Your goal: With the images removed, return every line below exactly as it reads.

Dataset extract:
○ ○ ○ ○
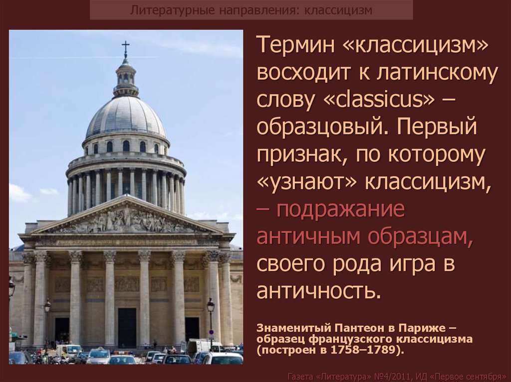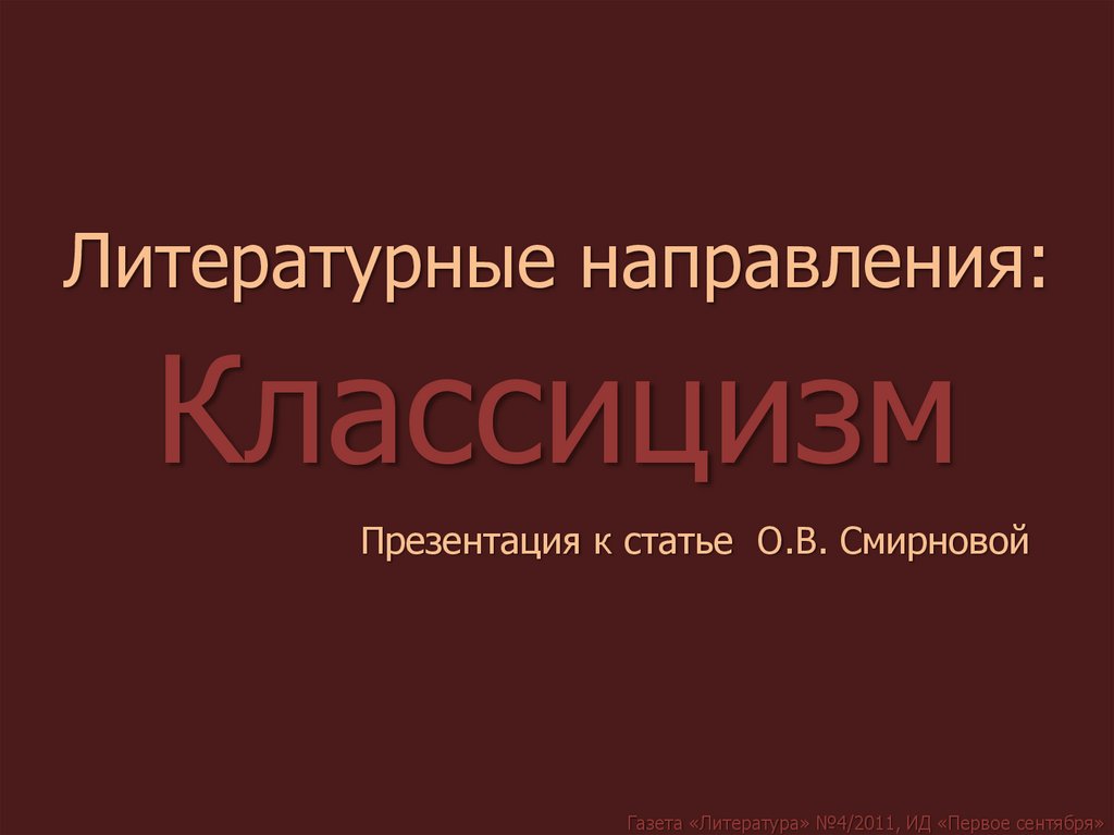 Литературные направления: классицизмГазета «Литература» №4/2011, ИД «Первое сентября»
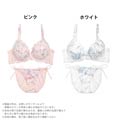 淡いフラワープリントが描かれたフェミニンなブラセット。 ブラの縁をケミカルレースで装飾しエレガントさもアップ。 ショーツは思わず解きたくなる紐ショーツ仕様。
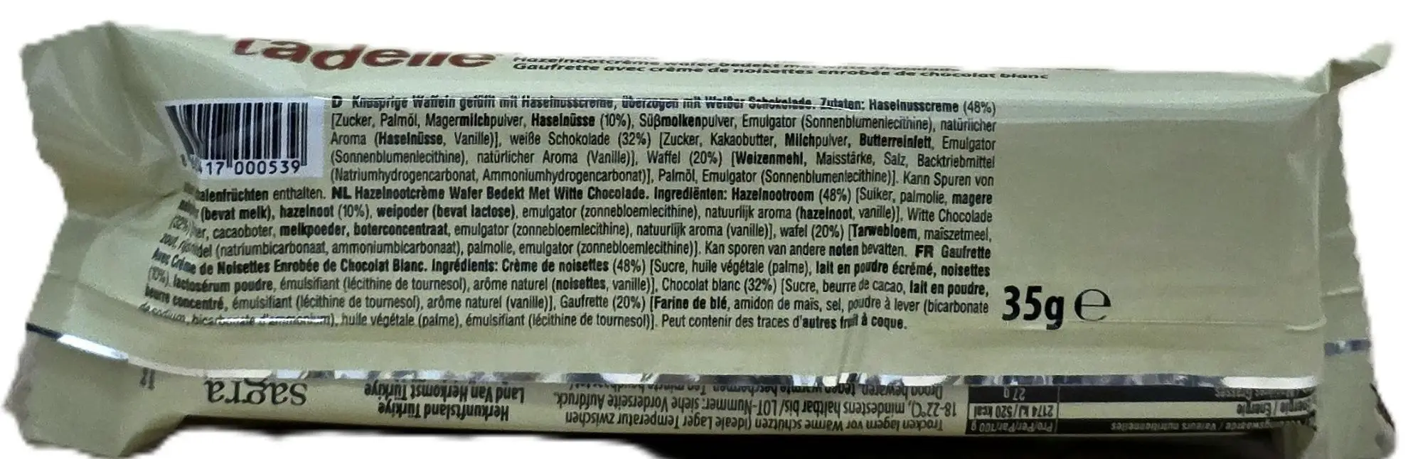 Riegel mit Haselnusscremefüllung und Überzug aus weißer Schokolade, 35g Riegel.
○ ○ ○ ○
Your solution:
 Литературные направления: классицизмГазета «Литература» №4/2011, ИД «Первое сентября»
 淡いフラワープリントが描かれたフェミニンなブラセット。 ブラの縁をケミカルレースで装飾しエレガントさもアップ。 ショーツは思わず解きたくなる紐ショーツ仕様。
 Riegel mit Haselnusscremefüllung und Überzug aus weißer Schokolade, 35g Riegel.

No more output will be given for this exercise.